Потом зарядил дождь. Студенты начали простужаться, настроение упало. Жизнь казалась бесконечным картофельным полем, которое надо убирать.
– Работай, работай, только не сдохни как собака, – цитировали студенты друг другу популярный тогда фильм «О, счастливчик». Шутка эта оказалась пророчеством. Одна студентка действительно умерла. Прямо на поле. Начальство объявило: «У нее всегда были проблемы с сердцем, условия работы в этой смерти не виноваты».
Труп девушки как-то незаметно увезли, а всем остальным прочли обязательную лекцию по технике безопасности – при полевых работах. Какая-то гадина из университетского начальства хотела застраховаться от судебного преследования.
После работы грязные и потные студенты тупо сидели в коровнике. Душа не было. Это бесило. В деревне не было магазина, а до районного центра было километров тридцать. Студенты покупали у колхозников страшный коричневый самогон. От него можно было ослепнуть или умереть.

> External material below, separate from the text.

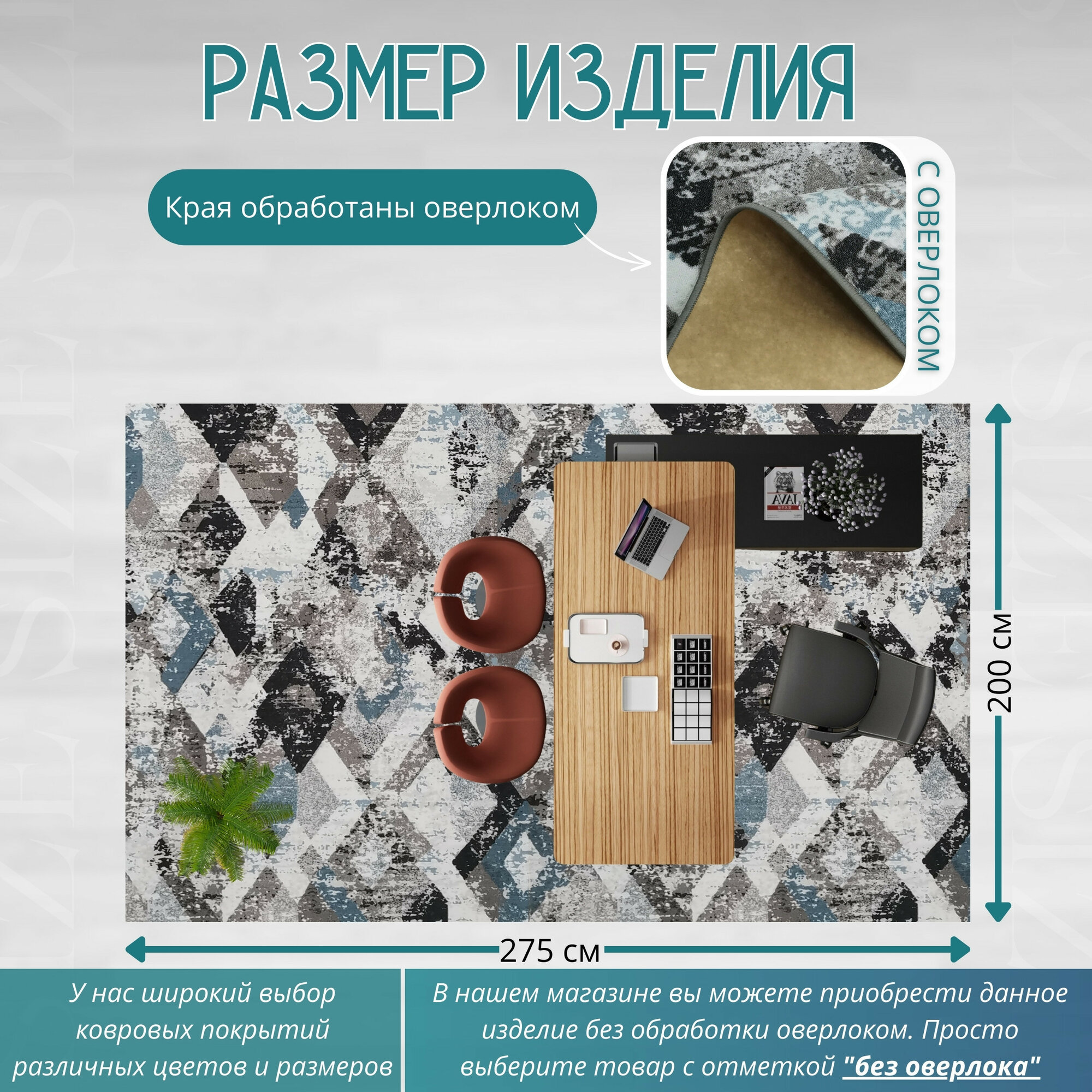 Ковролин метражом 2,5х3 м, гладкий "Ромб", серо-синий с оверлоком

Жратва была ужасная. Все, кроме хлеба, молока и картошки, было несъедобно. Студенты пробовали ведрами и мешками поймать зайца, случайно забредшего на поле. Ловили его человек сто, с окрыляющей мыслью о жарком, но не поймали. Заяц прыгал и петлял как будто издеваясь над неумелыми охотниками. Потом смылся в лесу. Пытались воровать гусей, пасущихся недалеко от коровника. Поймали одну птицу. Ощипали. Зажарили. Съели. Но кто-то донес, за гуся пришлось платить. Денег у студентов не было.
В коровнике жило и несколько взрослых. Главным партийным надсмотрщиком был некто Немецкий, доцент-математик. Жгучий брюнет с въедливыми и скучными глазами. Немецкий был личностью известной. Прославился он, однако, не математическим талантом, а кляузами и доносами. По его инициативе заводились персональные дела. С выговором, с занесением, а то и с отчислением из университета. Немецкий был красноречив и многословен. После работы хотелось лечь. Немецкий заставлял всех стоять на линейках и выслушивать длинные нотации. Студенты решили его проучить. Три раза ссали в его постель, один раз даже насрали под одеяло. Немецкий был, разумеется, в бешенстве. Больше всего его злило, что стукачи среди студентов не хотели выдавать зачинщиков. В конце концов он просто уехал и жизнь стала веселее. Остальные педагоги были помягче и в наши дела не лезли. Я любил давать людям клички. Немецкого за его фамилию и лютость прозвал «доктором Геббельсом». Кличка эта привилась. Даже коллеги Немецкого по кафедре звали его так за глаза.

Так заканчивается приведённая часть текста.